*** Data provided Section Begins ***

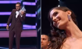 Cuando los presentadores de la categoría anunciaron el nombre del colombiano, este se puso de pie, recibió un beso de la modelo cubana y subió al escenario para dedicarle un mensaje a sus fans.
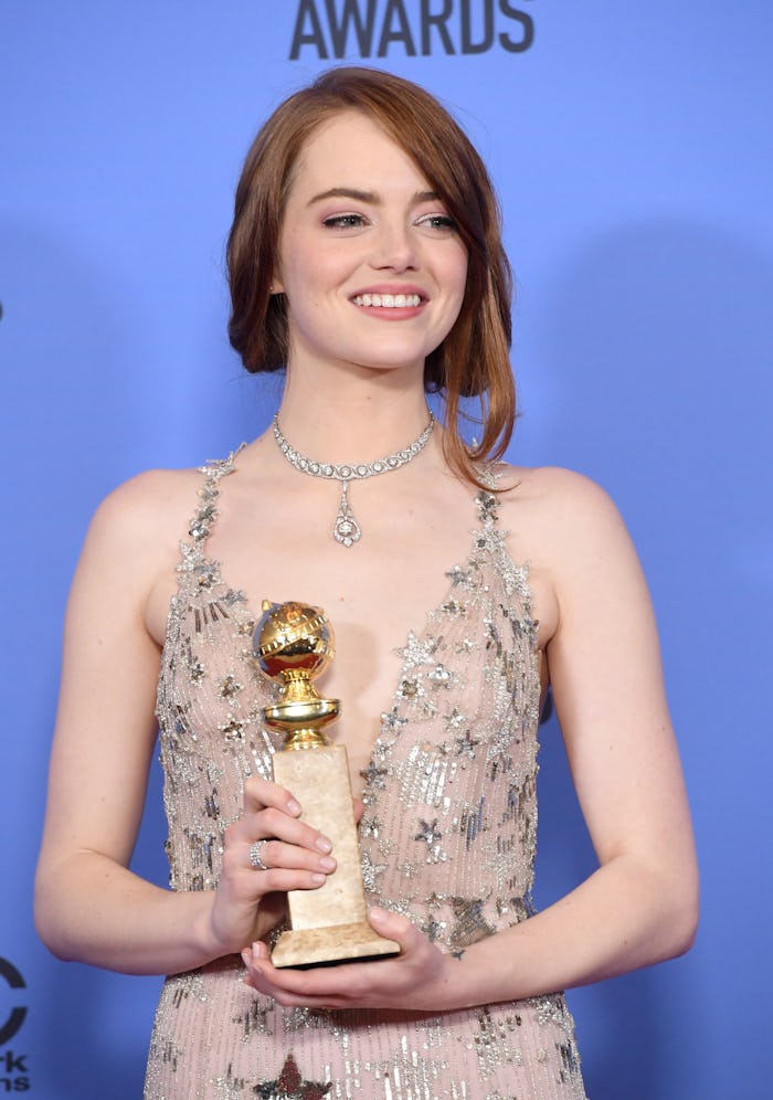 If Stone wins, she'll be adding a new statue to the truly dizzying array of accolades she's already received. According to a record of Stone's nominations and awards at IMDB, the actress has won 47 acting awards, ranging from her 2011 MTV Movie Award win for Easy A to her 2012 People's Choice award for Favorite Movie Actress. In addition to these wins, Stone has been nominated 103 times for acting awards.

*** Data provided Section Ends ***
*** Data provided Section Begins ***

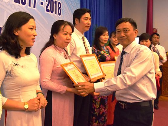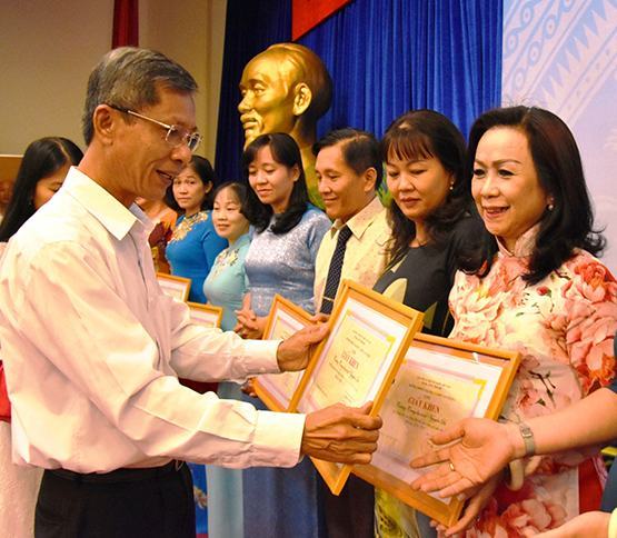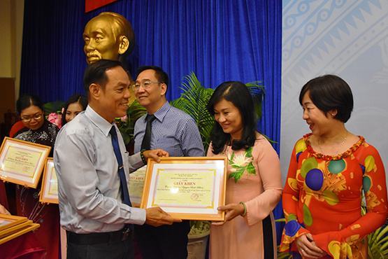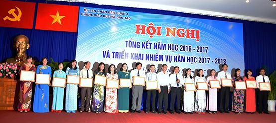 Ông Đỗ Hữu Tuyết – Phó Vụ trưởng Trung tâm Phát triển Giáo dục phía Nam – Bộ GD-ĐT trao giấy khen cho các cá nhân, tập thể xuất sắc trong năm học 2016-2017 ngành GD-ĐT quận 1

*** Data provided Section Ends ***

Assignment:
Using the data above, retype exactly the lines from the line with "Cuando los presentadores" to the line with "If Stone wins, she'll", inclusive. No pictures and nothing else.

Completed exercise:
 Cuando los presentadores de la categoría anunciaron el nombre del colombiano, este se puso de pie, recibió un beso de la modelo cubana y subió al escenario para dedicarle un mensaje a sus fans.
 If Stone wins, she'll be adding a new statue to the truly dizzying array of accolades she's already received. According to a record of Stone's nominations and awards at IMDB, the actress has won 47 acting awards, ranging from her 2011 MTV Movie Award win for Easy A to her 2012 People's Choice award for Favorite Movie Actress. In addition to these wins, Stone has been nominated 103 times for acting awards.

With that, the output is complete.